§ Collected data entries
-=-=-

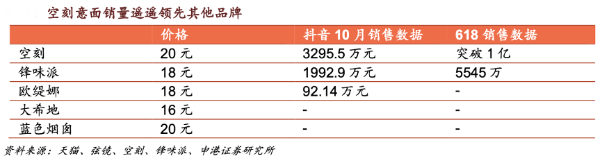 經(jīng)典案例:根據(jù)天貓、弦鏡、空刻、鋒味派、申港證券研究所等綜合資訊表明,空刻于 2019 年 5 月推出速食意面,通過打造“空刻=意大利正宗意面”概念占領(lǐng)消費(fèi)者心智,后鋒味派、歐緹娜、大 希地、藍(lán)色煙囪等相繼推出速食意面,但空刻意面銷量仍遙遙領(lǐng)先。2022 年 5 月 空刻總銷售額破億,618 大促期間全渠道銷售額破億。
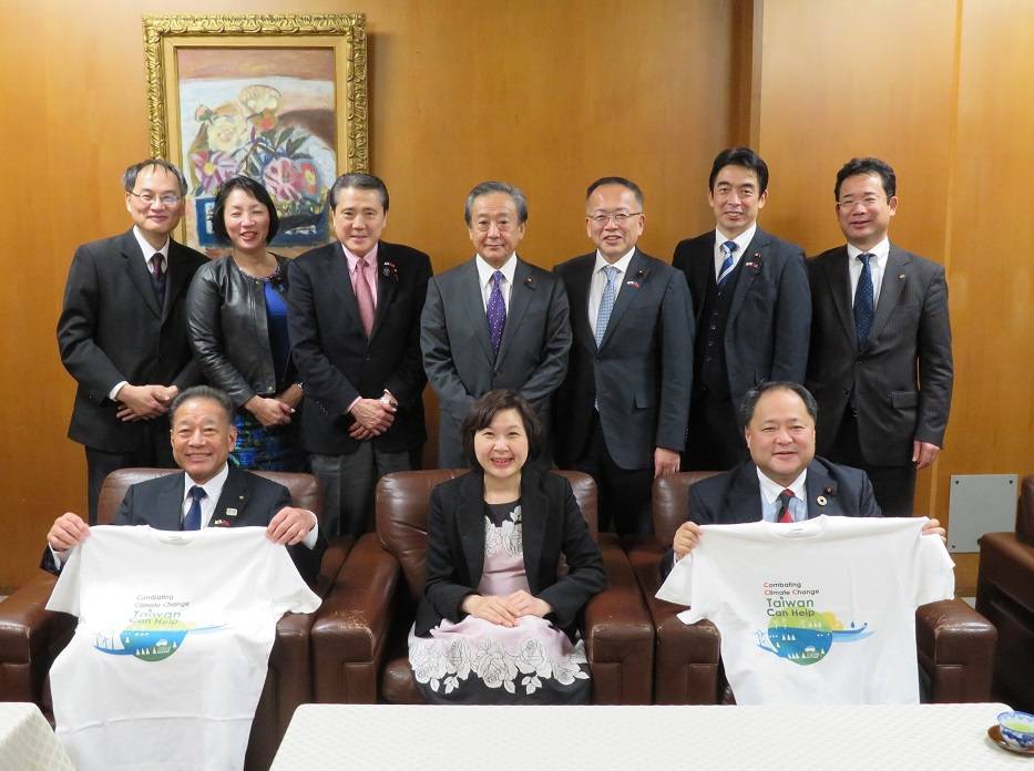 張淑玲也贈送橫山正人、谷田部孝一由橫濱辦事處所印製的「Combating Climate Change, Taiwan can help」T恤及說帖,議長橫山正人等人也與張淑玲同持T恤橫影並表示支持。
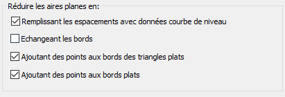 Si vous ajoutez simultanément toutes les données des courbes de niveau, utilisez les trois paramètres par défaut indiqués dans la figure 6 afin de modifier les courbes de niveau et créer une surface plus précise. Ces options d'Autodesk Civil 3D permettent de corriger les aires planes en vérifiant les altitudes voisines, en interpolant les nouveaux points et en subdivisant les triangles.
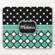 Monogrammed Blue Quatrefoil Lattice Polka Dot Mouse Pad
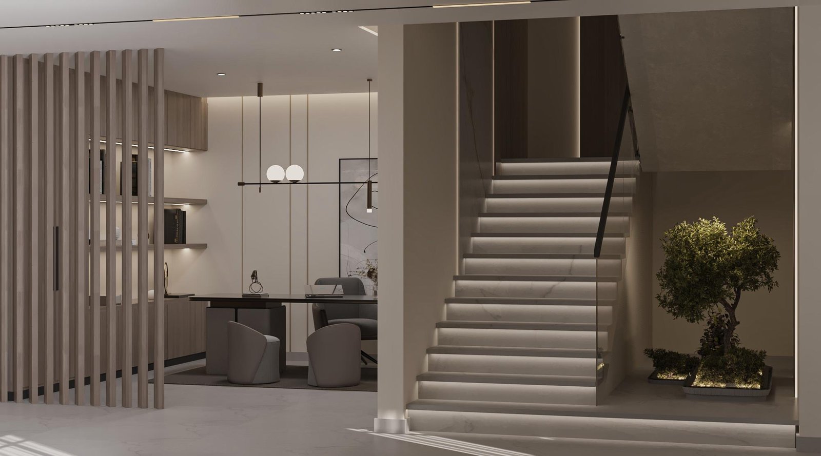 في مشروع عُلا بالخبر، تم تصميم فراغ فاخر وأنيق يركز على الدفء الطبيعي والخامات البسيطة لتعزيز التداول السلس بين الفراغات. ويجمع التصميم الداخلي ببراعة بين الرفاهية والراحة اليومية، عبر دمج الأخشاب الفاتحة والألوان المحايدة لتعظيم الإحساس بالرحابة والتدفق في الحركة. هذا التوظيف الذكي للإضاءة المخفية والمواد ذات الجودة العالية يحقق جودة استخدام وجمالية عصرية.
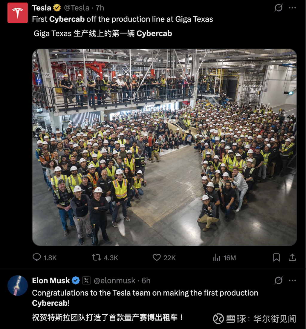 特斯拉周二在X平台宣布,首辆生产版Cybercab已在奥斯汀超级工厂下线。马斯克在社交媒体上向团队表示祝贺。该公司此前表示预计于4月启动Cybercab的生产。
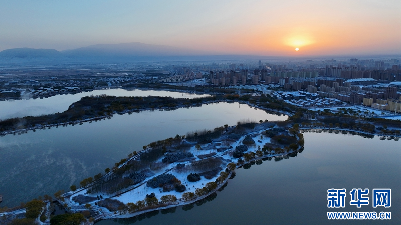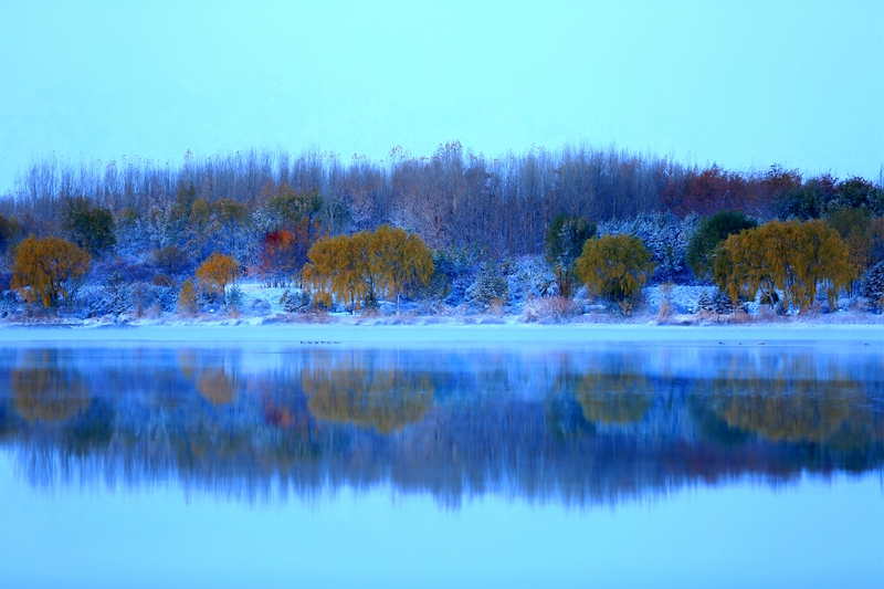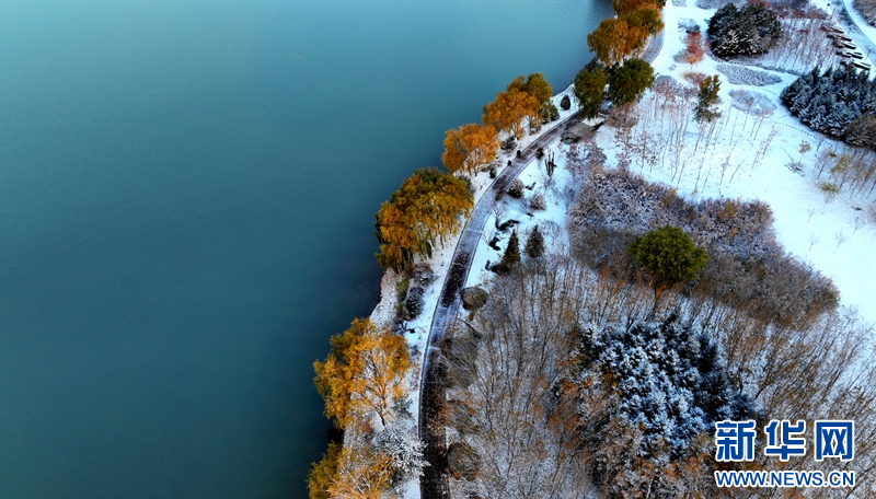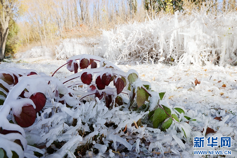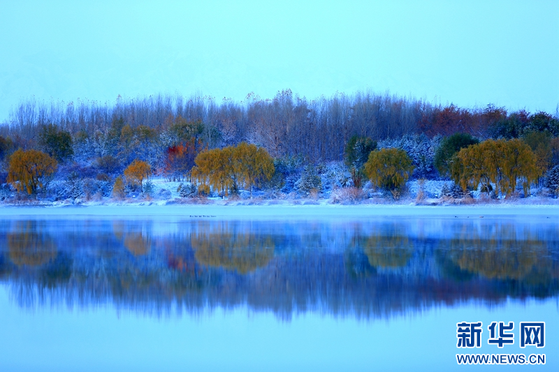 这是11月5日拍摄的雪后张掖市芦水湾生态景区一角。新华网发(杨潇 摄)
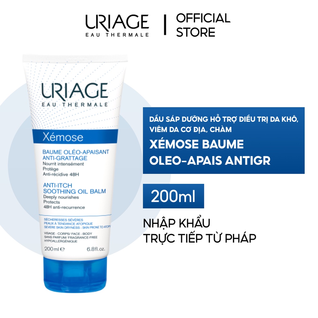 Dầu sáp dưỡng ẩm cho da khô, chàm cho da mặt và body Uriage XEMOSE BAUME OLEO-APAIS ANTIGR T 200ml CÔNG DỤNG SẢN PHẨM: - Dầu sáp dưỡng ẩm dành cho da khô, da bị ngứa, bị viêm da cơ địa, chàm. - Dành cho vùng da mặt và toàn thân. - Giúp bảo vệ và làm dịu da đem lại
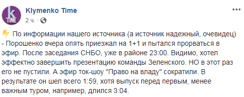 Отметим, что ранее данные о попытке визита Порошенко сообщили в паблике Klymenko Time. "Из-за попыток Порошенко эфир программы пришлось сократить", уточняется в сообщении.
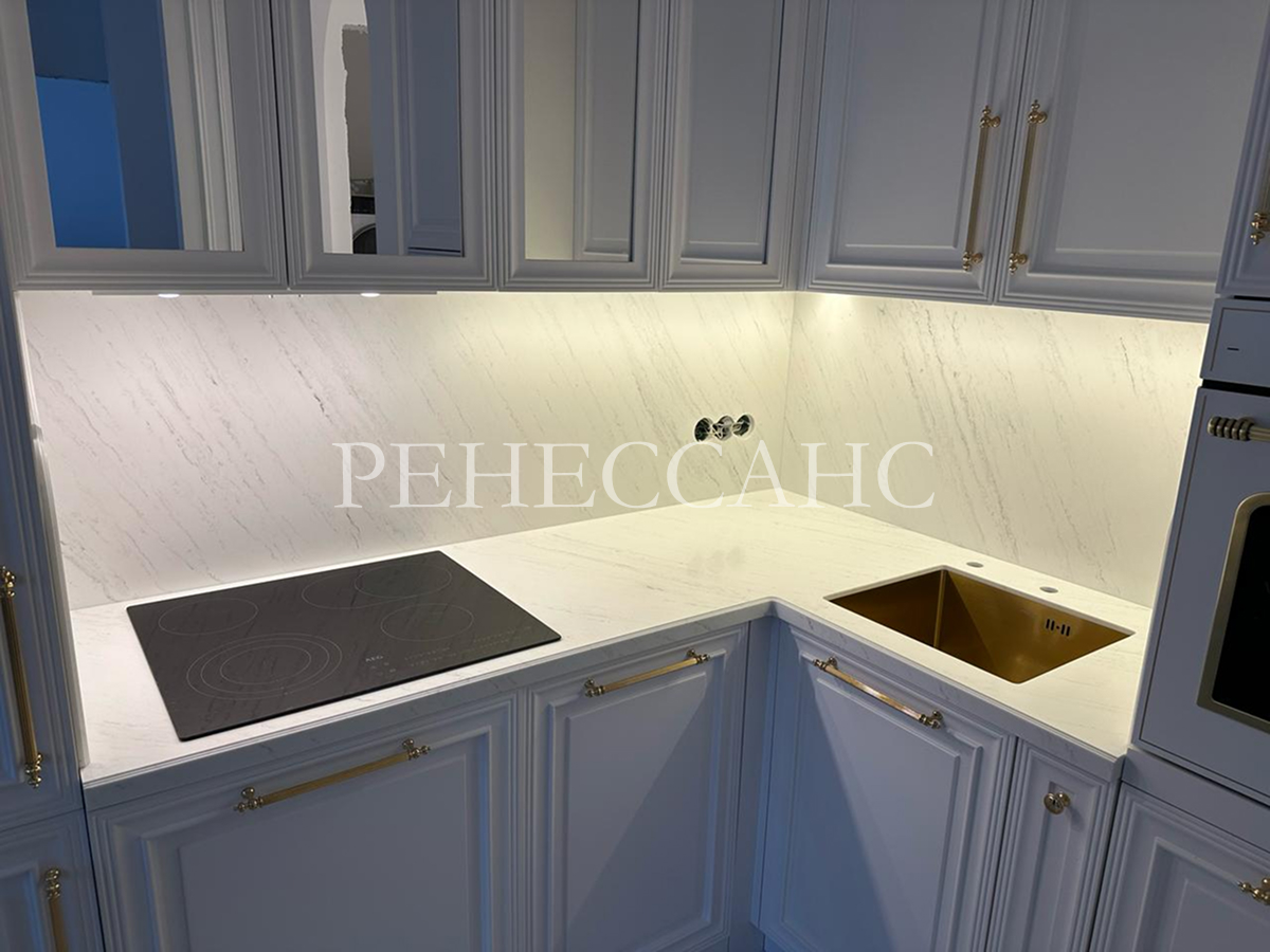 Угловая кухня в классическом стиле со светло-голубыми фасадами с классической фрезеровкой и столешницей под белый мрамор. Верхние навесные шкафы выполнены с рамочной фрезеровкой, включают модули со стеклянными вставками для витринного хранения и золотистыми классическими ручками. Нижние модули оснащены выдвижными ящиками и распашными дверцами с той же фрезеровкой и золотистыми ручками. Столешница из материала под белый мрамор с серыми прожилками включает интегрированную прямоугольную мойку золотистого цвета и встроенную варочную панель. Конструкция предусматривает интеграцию встраиваемой техники. Нежное сочетание светло-голубого цвета с золотистой фурнитурой и мраморной столешницей создает изысканное классическое кухонное пространство.

-=-=-

§ DIRECTIONS
From the first line to the last, repeat the records above exactly, leaving out the pictures.

§ EXERCISE OUTPUT
 經(jīng)典案例:根據(jù)天貓、弦鏡、空刻、鋒味派、申港證券研究所等綜合資訊表明,空刻于 2019 年 5 月推出速食意面,通過打造“空刻=意大利正宗意面”概念占領(lǐng)消費(fèi)者心智,后鋒味派、歐緹娜、大 希地、藍(lán)色煙囪等相繼推出速食意面,但空刻意面銷量仍遙遙領(lǐng)先。2022 年 5 月 空刻總銷售額破億,618 大促期間全渠道銷售額破億。
 張淑玲也贈送橫山正人、谷田部孝一由橫濱辦事處所印製的「Combating Climate Change, Taiwan can help」T恤及說帖,議長橫山正人等人也與張淑玲同持T恤橫影並表示支持。
 Si vous ajoutez simultanément toutes les données des courbes de niveau, utilisez les trois paramètres par défaut indiqués dans la figure 6 afin de modifier les courbes de niveau et créer une surface plus précise. Ces options d'Autodesk Civil 3D permettent de corriger les aires planes en vérifiant les altitudes voisines, en interpolant les nouveaux points et en subdivisant les triangles.
 Monogrammed Blue Quatrefoil Lattice Polka Dot Mouse Pad
 في مشروع عُلا بالخبر، تم تصميم فراغ فاخر وأنيق يركز على الدفء الطبيعي والخامات البسيطة لتعزيز التداول السلس بين الفراغات. ويجمع التصميم الداخلي ببراعة بين الرفاهية والراحة اليومية، عبر دمج الأخشاب الفاتحة والألوان المحايدة لتعظيم الإحساس بالرحابة والتدفق في الحركة. هذا التوظيف الذكي للإضاءة المخفية والمواد ذات الجودة العالية يحقق جودة استخدام وجمالية عصرية.
 特斯拉周二在X平台宣布,首辆生产版Cybercab已在奥斯汀超级工厂下线。马斯克在社交媒体上向团队表示祝贺。该公司此前表示预计于4月启动Cybercab的生产。
 这是11月5日拍摄的雪后张掖市芦水湾生态景区一角。新华网发(杨潇 摄)
 Dầu sáp dưỡng ẩm cho da khô, chàm cho da mặt và body Uriage XEMOSE BAUME OLEO-APAIS ANTIGR T 200ml CÔNG DỤNG SẢN PHẨM: - Dầu sáp dưỡng ẩm dành cho da khô, da bị ngứa, bị viêm da cơ địa, chàm. - Dành cho vùng da mặt và toàn thân. - Giúp bảo vệ và làm dịu da đem lại
 Отметим, что ранее данные о попытке визита Порошенко сообщили в паблике Klymenko Time. "Из-за попыток Порошенко эфир программы пришлось сократить", уточняется в сообщении.
 Угловая кухня в классическом стиле со светло-голубыми фасадами с классической фрезеровкой и столешницей под белый мрамор. Верхние навесные шкафы выполнены с рамочной фрезеровкой, включают модули со стеклянными вставками для витринного хранения и золотистыми классическими ручками. Нижние модули оснащены выдвижными ящиками и распашными дверцами с той же фрезеровкой и золотистыми ручками. Столешница из материала под белый мрамор с серыми прожилками включает интегрированную прямоугольную мойку золотистого цвета и встроенную варочную панель. Конструкция предусматривает интеграцию встраиваемой техники. Нежное сочетание светло-голубого цвета с золотистой фурнитурой и мраморной столешницей создает изысканное классическое кухонное пространство.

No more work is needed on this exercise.